RuntimeError: Error(s) in loading state_dict for LlamaModel: size mismatch for model.layers.0.self_attn.q_proj.weight: copying a param with shape torch.Size([768, 2048]) from checkpoint, the shape in current model is torch.Size([2048, 2048]).

Question

RuntimeError: Error(s) in loading state_dict for LlamaModel: size mismatch for model.layers.0.self_attn.q_proj.weight: copying a param with shape torch.Size([768, 2048]) from checkpoint, the shape in current model is torch.Size([2048, 2048]).

Hasan-Syed25 opened this issue 2 months ago · comments

Hi! Need a little help here with loading a pretrained model using AutoModel.from_pretrained.

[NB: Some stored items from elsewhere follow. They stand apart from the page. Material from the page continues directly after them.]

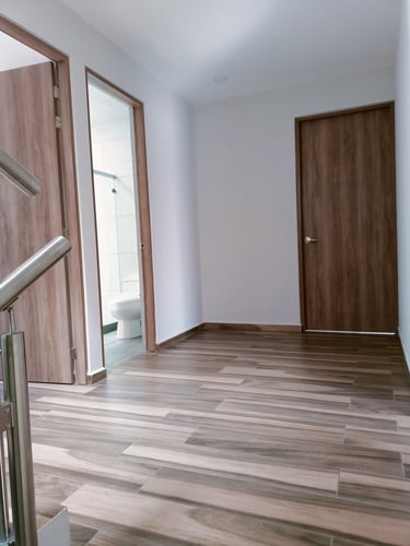 En el nivel superior, la recámara principal con baño completo y walk in closet, es un refugio de privacidad y confort, diseñado para ofrecer tranquilidad. Las dos recámaras secundarias, equipadas con closets, comparten un baño completo, proporcionando funcionalidad y espacio para toda la familia. Este nivel está diseñado para maximizar la intimidad y el descanso.
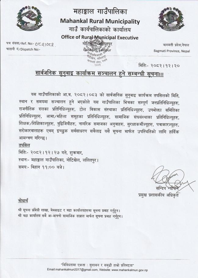 सार्वजनिक सुनुवाइ कार्यक्रम सञ्‍चालन हुने सम्बन्धी सूचना।
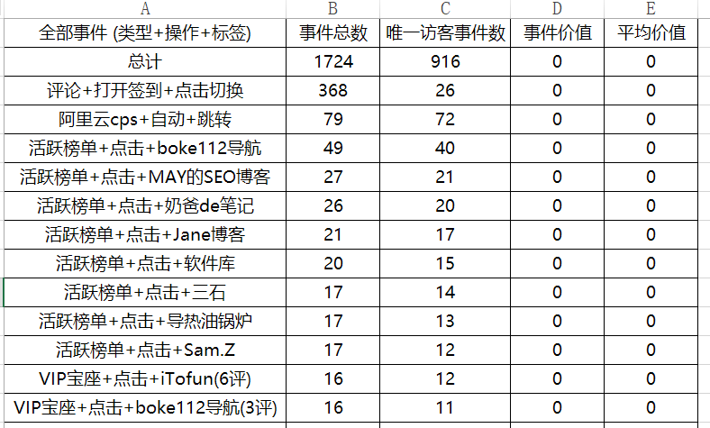 利用百度统计的事件分析查看网页上各元素的点击情况,这块内容想要看到和跟踪各个链接的点击情况,靠百度统计基础代码几乎无法实现,因为跳转到了站外其他网站去了,只有通过事件分析来实现。 以下是这块内容各个链接的点击数最近7天的数据:
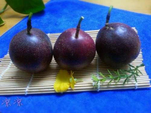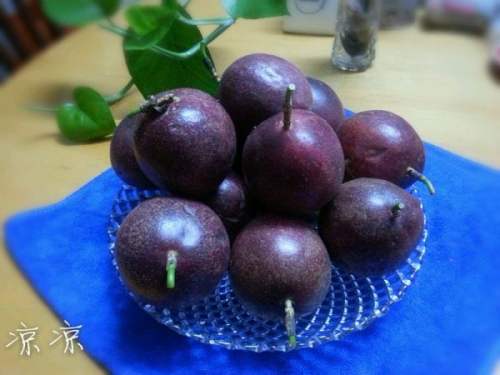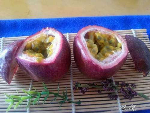 百香果—年四季都长青~循环生长挂果~果实成熟时外表呈深紫色~切开果皮里面果肉呈淡黄色~吃进嘴里有一股淡淡的清香味~果汁酸酸甜甜~做成饮料配上蜂蜜入冰箱一小时再拿出来喝~整个人就立马精神气爽~让人甚是喜爱。
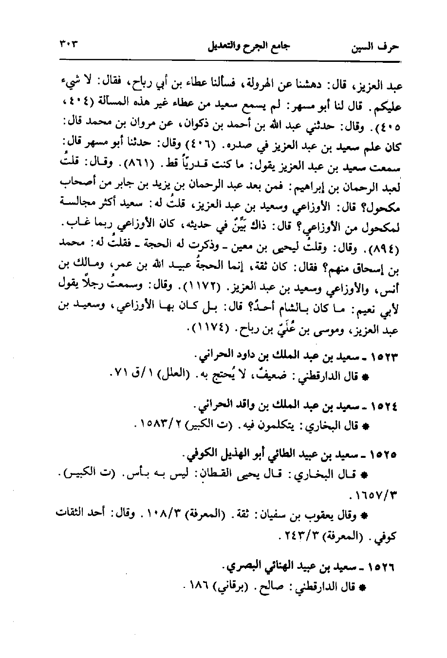 عبد العزيز، قال: دهشنا عن الهرولة، فسألنا عطاء بن أبي رباح، فقال: لا شيء عليكم. قال لنا أبو مسهر: لم يسمع سعيد من عطاء غير هذه المسألة (404، 405). وقال: حدثني عبد الله بن أحمد بن ذكوان، عن مروان بن محمد قال: كان علم سعيد بن عبد العزيز في صدره. (406) وقال: حدثنا أبو مسهر قال: سمعت سعيد بن عبد العزيز يقول: ما كنت قدريًا قط. (861). وقال: قلتُ لعبد الرحمن بن إبراهيم: فمن بعد عبد الرحمن بن يزيد بن جابر من أصحاب مكحول؟ قال: الأوزاعي وسعيد بن عبد العزيز، قلت له: سعيد أكثر مجالسة لمكحول من الأوزاعي؟ قال: ذاك بَيِّنٌ في حديثه، كان الأوزاعي ربما غاب. (894). وقال: وقلت ليحيى بن معين -وذكرت له الحجة- فقلتُ له: محمد بن إسحاق منهم؟ فقال: كان ثقة، إنما الحجة عبيد الله بن عمر، ومالك بن أنس، والأوزاعي وسعيد بن عبد العزيز. (1172). وقال: وسمعتُ رجلًا يقول لأبي نعيم: ما كان بالشام أحدٌ؟ قال: بل كان بها الأوزاعي، وسعيد بن عبد العزيز، وموسي بن عُليّ بن رباح. (1174).
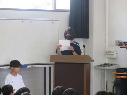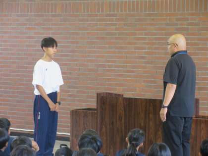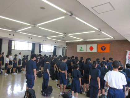 砺波青少年自然の家に着きました。三成中の生徒と合流し、入所式が行われました。代表生徒は入念に準備をしていました。
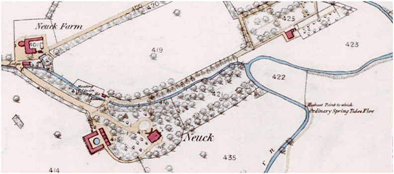 A broad avenue ran through the trees to the turn of one of the meanders of the Pow to the east and lined up with the ferry on the Forth. The woodland and shelter belts provided habitats for the game on the estate and the shooting rights were considered to be important. The mill leat for the 16th/17th century mill of Patrick Higgins (Reid 2004, 64) still ran through the estate and its water was used to support a bleaching green and washing house. The lade began a little to the east of the A905 and followed the contour to the lodge building which guarded a bridge over it. The early mill building had probably stood just behind the lodge where vestiges of water courses can be seen on the later maps. The land around Neuck is quite flat and the water did not have much of a fall, consequently this mill was abandoned in the early 17th century in favour of a tidal mill at Higgins Neuck – New Mills.
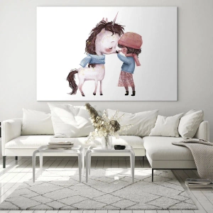 • Pentru copii, Unicorn, Fata, Pentru copii, oameni, animale, Pentru camera copiilor Alb, maro, albastru, roz, Pătrat
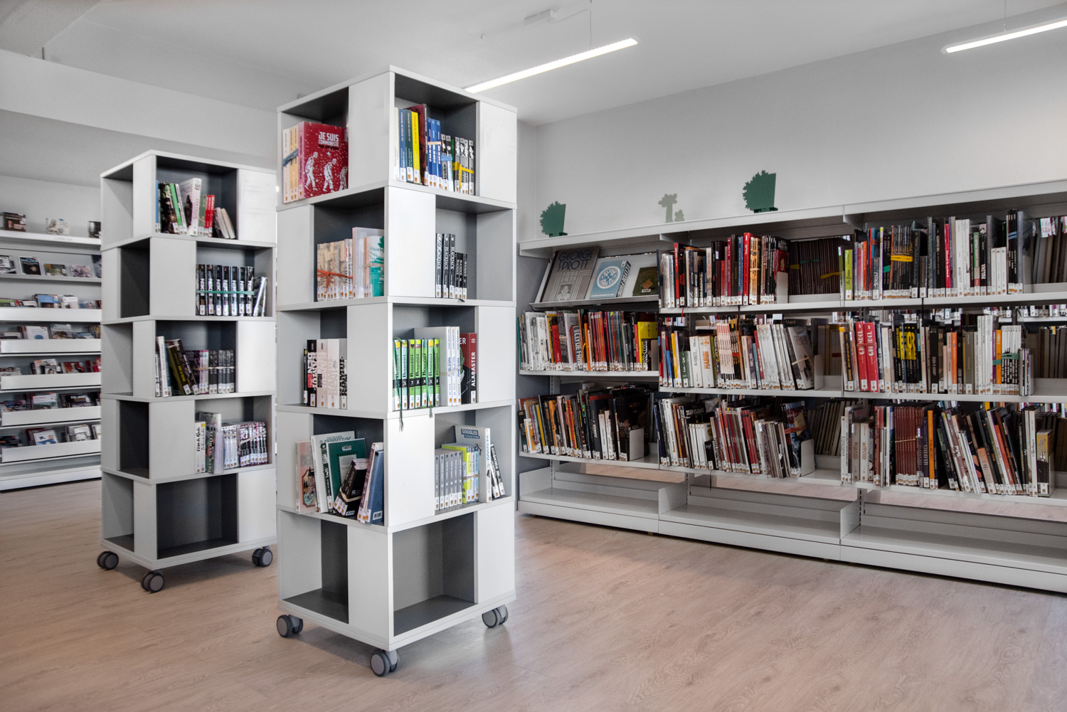 Ideal zur Aufbewahrung und Präsentation von Büchern, AV-Medien, etc. Gute Kapazität mit vier Fächern pro Ebene.
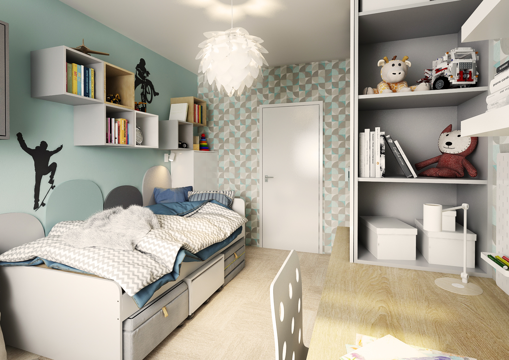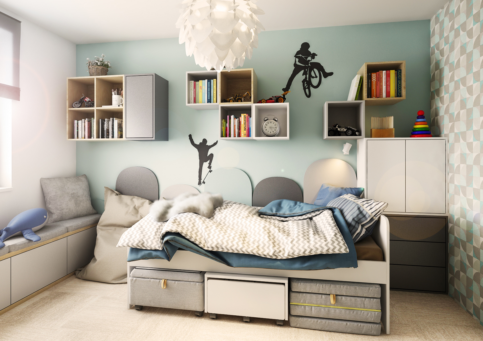 Here, the mint painting complements the patterned wallpaper together with the gray color, which is mainly found on the furniture elements. A bed with modular boxes placed under the structure is located in the center of the wall. The 3D shapes on the wall connect to the upholstered seating under the window, giving the impression of a skateboarding surface on the sticker. For a change, a sticker with a boy on a bicycle is placed between the wall-mounted square shelves.

I pretrained a Tiny-llama model with the following model_config.yaml

bias: false
block_size: 2048
gelu_approximate: none
head_size: 48
hf_config:
name="TinyLlama-0.5B": null
intermediate_size: 2048
lm_head_bias: false
mlp_class_name: LLaMAMLP
n_embd: 2048
n_expert: 0
n_expert_per_token: 0
n_head: 16
n_layer: 24
n_query_groups: 4
name: tinyllama500m
norm_class_name: RMSNorm
norm_eps: 1.0e-05
padded_vocab_size: 32256
padding_multiple: 512
parallel_residual: false
rope_base: 10000
rope_condense_ratio: 1
rotary_percentage: 1.0
scale_embeddings: false
shared_attention_norm: false
vocab_size: 32000

I first converted the pretrained model weights to lit_model.pth using the following 2 commands:

!litgpt convert pretrained_checkpoint
--checkpoint_dir ../Apex-500M
--output_dir checkpoints/tiny-llama/final

!litgpt convert from_litgpt
--checkpoint_dir ./checkpoints/tiny-llama/final
--output_dir converted_dir

I am trying to load the model with the following configuration and encountering size mismatch error:

import torch
from transformers import AutoModel

state_dict = torch.load('converted_dir/model.pth')
model = AutoModel.from_pretrained(
"TinyLlama/TinyLlama-1.1B-intermediate-step-1431k-3T",
num_hidden_layers=24,
num_attention_heads=16,
hidden_size=2048,
vocab_size= 32256,
state_dict=state_dict,
)

ERROR:

RuntimeError: Error(s) in loading state_dict for LlamaModel:
size mismatch for model.layers.0.self_attn.q_proj.weight: copying a param with shape torch.Size([768, 2048]) from checkpoint, the shape in current model is torch.Size([2048, 2048]).

POSSIBLE EXPLANATION:

torch.Size([768, 2048]), the 768 value might be due to num_attention_heads(16)*head_size(48), but there's no param for head_size to be set in AutoModel.